6年間、通わせていただいた、東北の被災地で、しっかりと胸に結びつけて帰京した言葉。けっして、忘れられない言葉のひとつひとつに、それを語っていらっしゃる、ひとりひとりの胸にも、最後の審判のような朝がきっと来る。そのためにも、苦しんでいるひとと、苦しむ。悩んでいるひとと、悩む。喜んでいるひとと喜ぶ。それが、おおきな弱さをたすける。ひとの、幸せのために生きるという、確信になる。愛は、ほかのひとのなかに、住まうということが、見えてくる。ひとびとの、なかの神。こころを、没頭することができる。愛ゆえに、流れる涙をこらえなければならない、ひととの邂逅(であ)いもある。

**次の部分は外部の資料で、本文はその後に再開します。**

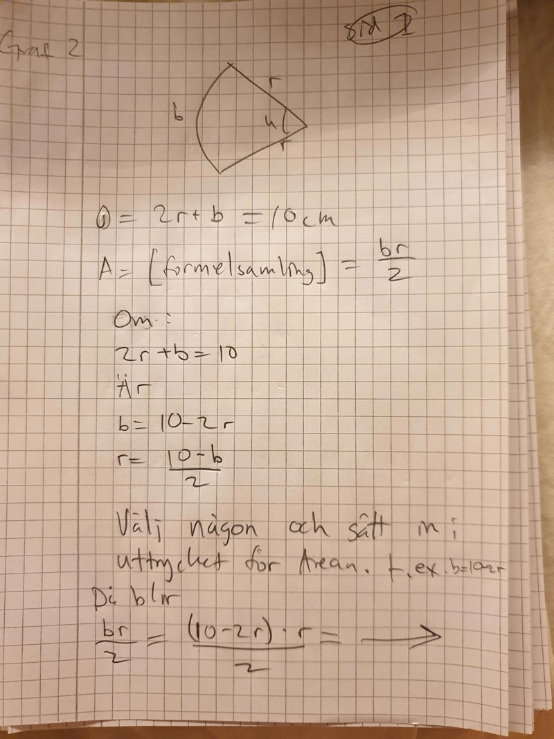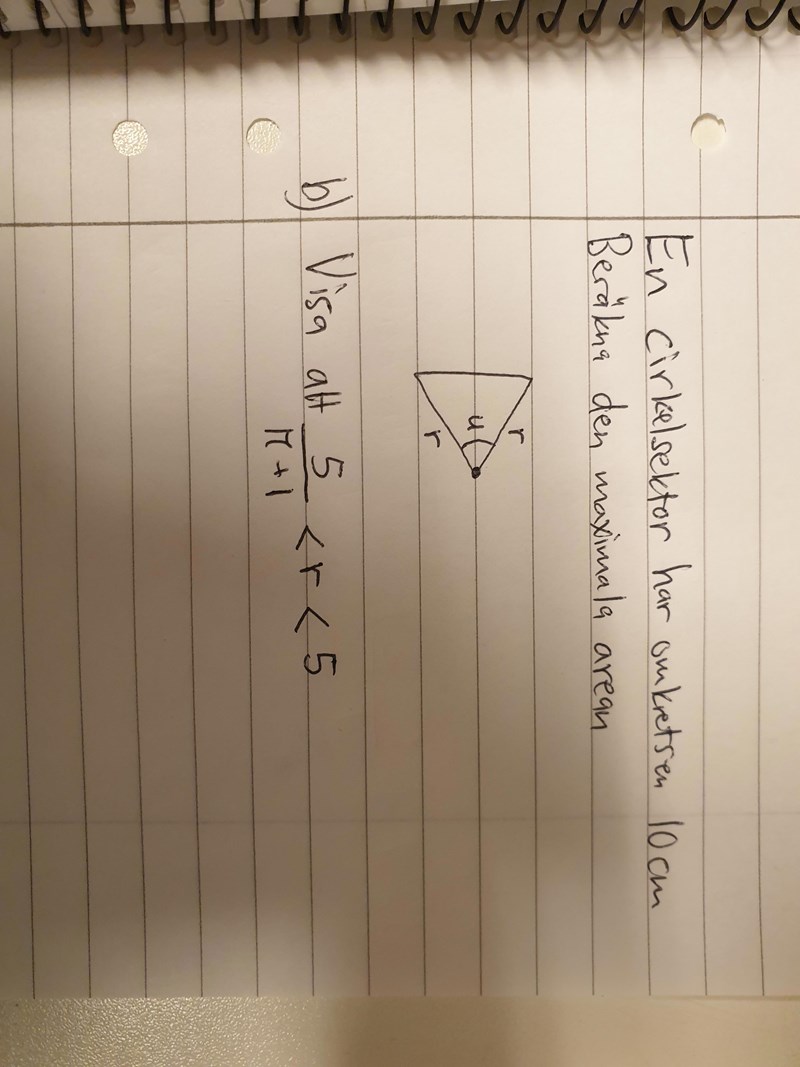 Tips: Omkretsen består av två radier och en båglängd. Det ger dig ett samband mellan radien och öppningsvinkeln. Teckna ett uttryck för arean ned hjälp av detta. Maximera uttrycket för arean.
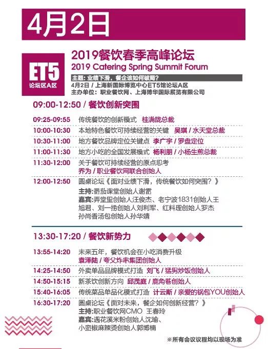 最重要的是,淘汰落后的经营模式和管理体制,带来最新的餐饮运营体系,为餐饮人的提供一个交流互动平台。HOTELEX 上海现场论坛为大家搭建一个权威、高效的资源对接平台!总有一款pick你需要的“知识点”,进入论坛现场,离下一个餐饮风口,一步之遥!
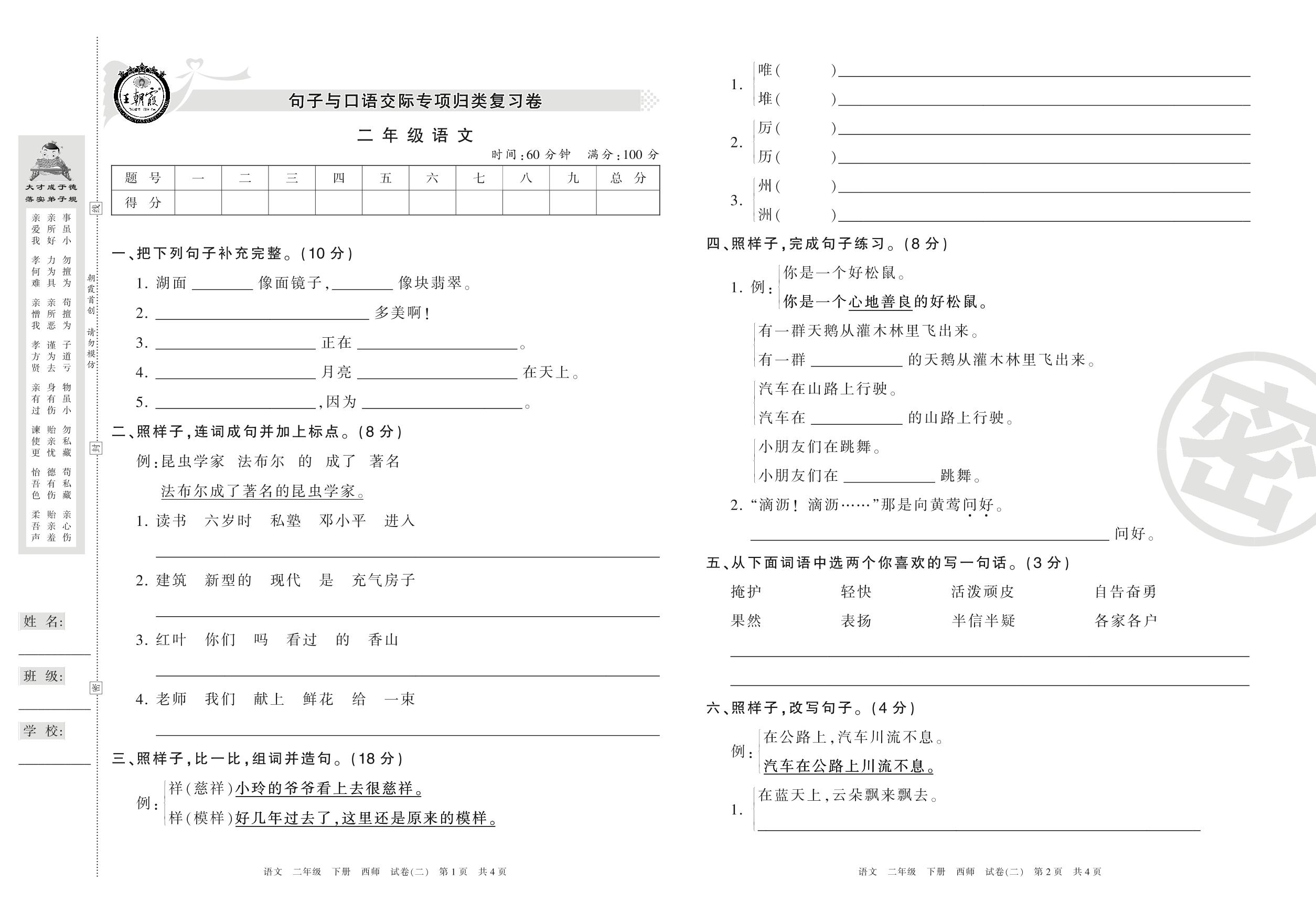 王朝霞期末专项卷二年级下册语文(西师版)_R21080173607【2】

信じることで、奇跡をもったひとびとがいる。神にふれることも、見ることも、ぢかに知ることもなく、ただ信じることで。ひとのすばらしいところ、神を愛することができるということ。「目が見もせず、耳が聞きもせず、ひとの心に思い浮かびもしなかったことを、神はご自分を愛する者たちに準備された」(Ⅰコリント2:9)愛ゆえに、愛ゆえに。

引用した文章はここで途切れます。